With the CHIPS Act, the U.S. is promoting the construction of over twenty new semiconductor factories to reduce dependence on Asia. Some notable examples include:

  • Fab 21 at TSMC in Phoenix, Arizona.
  • An Amkor chip packaging plant in Peoria, also in Arizona.
  • A planned SK Hynix memory factory in West Lafayette, Indiana, key for high-bandwidth memory used in AI GPUs.

These developments raise similar concerns:

  • High water consumption in already drought-stricken regions.
  • Extensive use of PFAS (“forever chemicals”) that persist and accumulate environmentally.
  • Increased heavy truck traffic transporting toxic substances and waste through residential areas.
  • Labor conditions that, according to labor unions, fall short of the “clean, well-paid jobs” image often portrayed by the sector.

Beneath these plants lies a familiar story in Silicon Valley: decades of contaminated sites designated as Superfund due to early chip manufacturing waste, with current expansion risking repeating the pattern elsewhere in the country.


More mining, more waste, and local conflicts

The report also highlights that the problem stretches beyond each industrial site. AI and next-generation chips increasingly demand:

  • Critical minerals like copper, nickel, and rare earth elements.
  • New mines in remote or fragile ecosystems, often on indigenous lands.
  • Logistics for mining, processing, chip manufacturing, and electronic waste management.
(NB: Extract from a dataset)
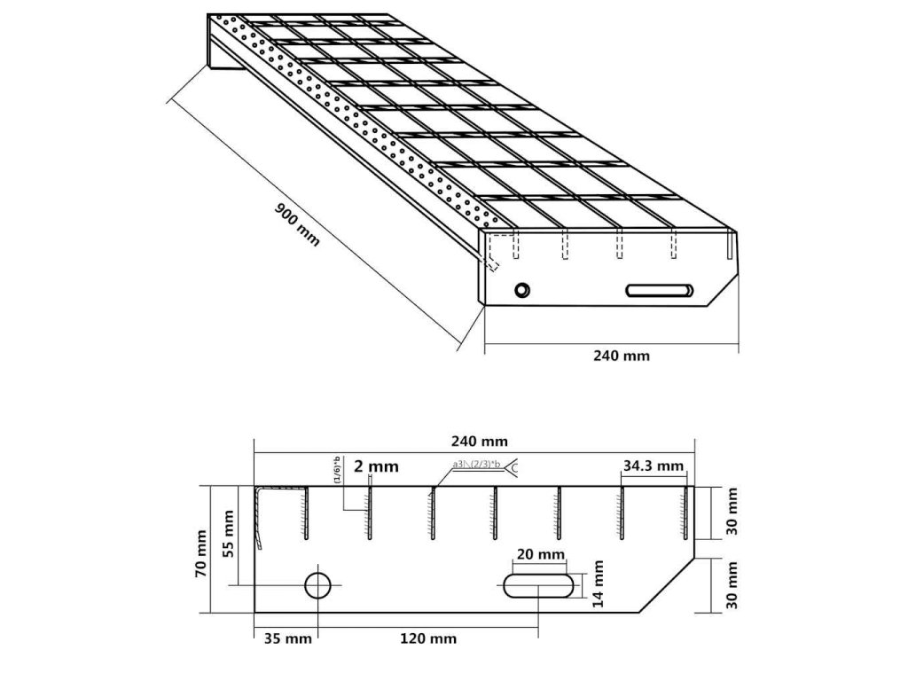 - Všestrannost: Pororošt tohoto schodišťového stupně slouží jako odtokový kryt a umožňuje průtok vody, oleje a sněhu. To zajišťuje bezpečný povrch pro chůzi po schodech.

The International Energy Agency forecasts that global demand for critical minerals could quadruple by 2040, driven by AI, digitalization, and renewable technologies. Many extractions will occur in areas that today serve as carbon sinks or biodiversity refuges.

Even companies reporting sustainability focus often provide fragmented data on water, emissions, discharges, PFAS, or labor conditions, making it hard to assess the full impact, according to organizations consulted in the report.


AI, energy, and the planet: the uncomfortable question

Since 2020, many tech firms have touted “net-zero” and sustainability goals. But the rapid shift toward generative AI has put those plans under intense pressure: the same leaders who pledged to cut footprints are now competing to build the largest data centers.

The supposed goal of OpenAI reaching 250 GW by 2033 encapsulates this tension:

  • Achieving it would require reconfiguring large parts of the worldwide electrical infrastructure and building dozens of new mega-factories, with substantial water, energy, and chemical use.
  • Even with efficiency and recycling efforts — like those implemented by TSMC or Samsung — the rapid expansion only slows the growth of impacts, not stops it.
  • And OpenAI is not alone: other major AI players are pursuing similar massive computing goals.

While Silicon Valley CEOs calculate how many gigawatts and GPUs they need to “power” the next generation of models, the report’s deeper question remains: how much additional AI can the planet truly sustain?

The answer today isn’t found in any internal memo. It likely depends not only on technological capabilities but also on societal, regulatory, and community willingness to accept impacts on water, energy, health, and land.